Multiple sclerosis is an inflammatory disease of the spinal cord and brain that is caused by a dysregulation of the immune system. Those affected suffer from cognitive perception disorders and muscle wasting, which in the chronic stage causes permanent damage and disabilities (secondary chronic progressive multiple sclerosis). Brain tumors, muscle diseases (muscle wasting, muscle weakness), diseases of the peripheral nervous system and neurodegenerative diseases (chronic brain diseases without inflammation and circulatory disorders) provide further suspicious factors in the diagnosis.

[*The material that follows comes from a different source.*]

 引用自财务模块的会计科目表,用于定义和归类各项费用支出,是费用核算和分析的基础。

The first step on the way to therapy is the anamnesis, which is done by questioning the patient. The laboratory examination of blood and liquor (nerve and brain water) follows the neurological diagnosis. In this way, all types of pathogens, inflammation parameters and the diseases mentioned above can be determined. Further examinations include ultrasound of the vessels supplying the brain, electrophysiological diagnostics in the form of derivation of brain waves (EEG), measurement of nerve conduction in the peripheral nervous system (electroneurography), derivation of electrical muscle activity (electromyography), measurement of nerve conduction in the spinal cord and brain (evoked potentials), Registration of eye movements (electrooculography) and functional diagnostics of blood pressure and cardiac activity.
Diagnostic imaging is indispensable for the neurological findings: regular x-ray procedures, myelography, computed tomography (CT), angiography and magnetic resonance imaging (MRI). In the case of inflammatory brain diseases and brain tumors, tissue removal (tumor and brain biopsy) is performed. A muscle biopsy is done for muscle disorders. Various drug therapies are now available for multiple sclerosis, which not only have a positive effect on the symptoms but also on the overall course.

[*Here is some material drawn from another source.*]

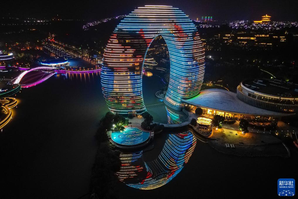11月20日,在浙江省湖州市南太湖新区月亮湾,当地地标建筑为世界儿童日亮灯(无人机照片)。新华社
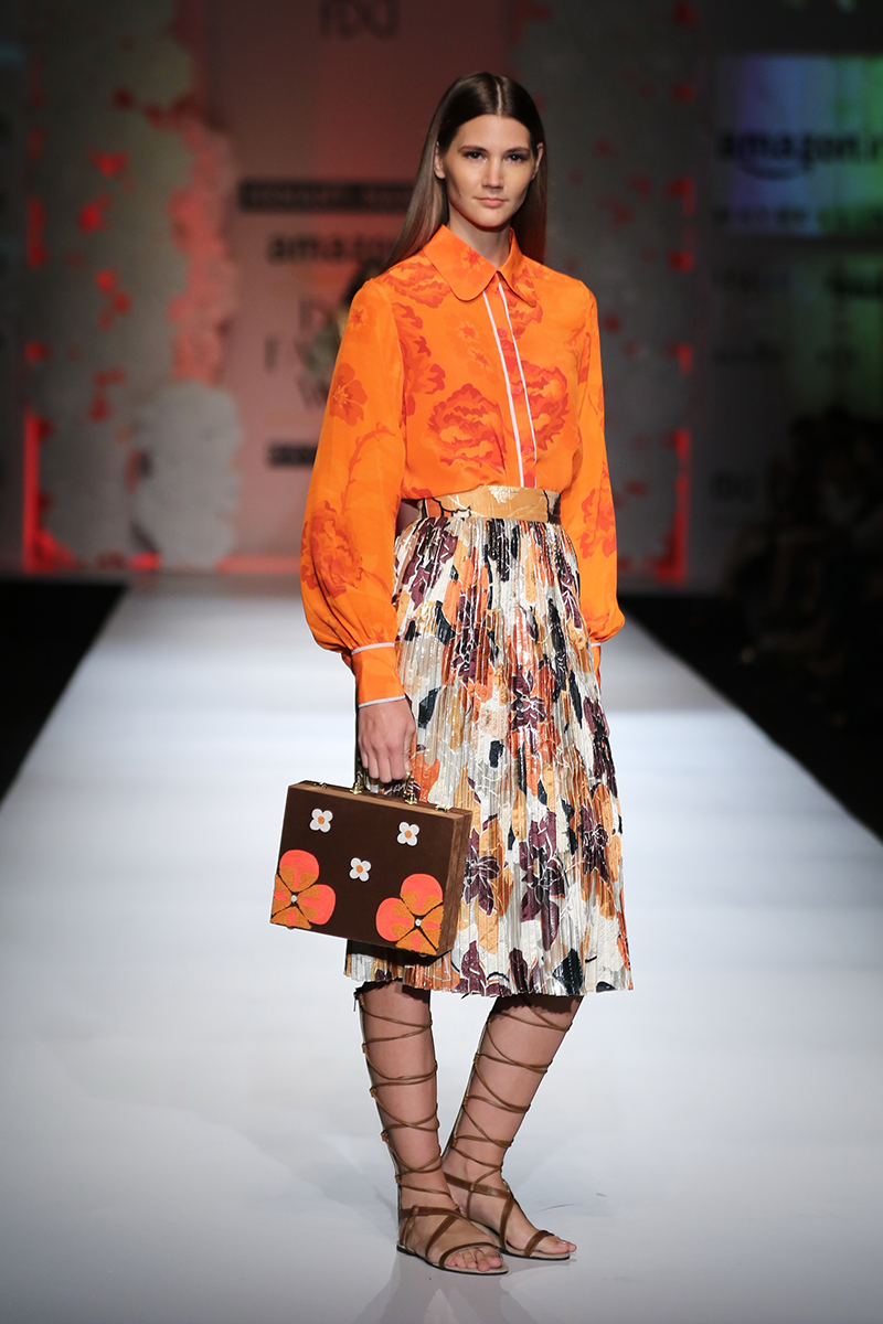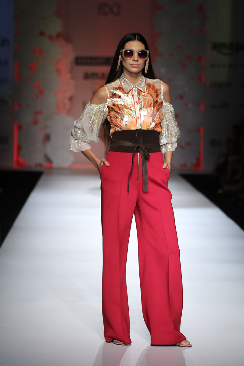 Hemant & Nanditas forte lies in array of prints developed by fusing various traditional and contemporary elements. They intermingle trends and styles to create something that is true to their sensibilities. Their individualistic statement is something people look up to and their designs go beyond admiration. They are also developing quirky accessories such as neckpieces, bags, belts, caps, bracelets and headbands, under the label Hemant&Nandita Accessories.

With improved treatment methods, the prognosis for brain tumors has improved significantly. Special departments in the clinics (stroke units) professionally take care of patients with stroke, stroke and cerebral haemorrhage. Neuroleptics are administered for migraines, myasthenia and Parkinson's disease. A prerequisite for successful therapy is the coordinated collaboration between neurologists, psychologists, neurosurgeons, cardiac surgeons and radiation doctors.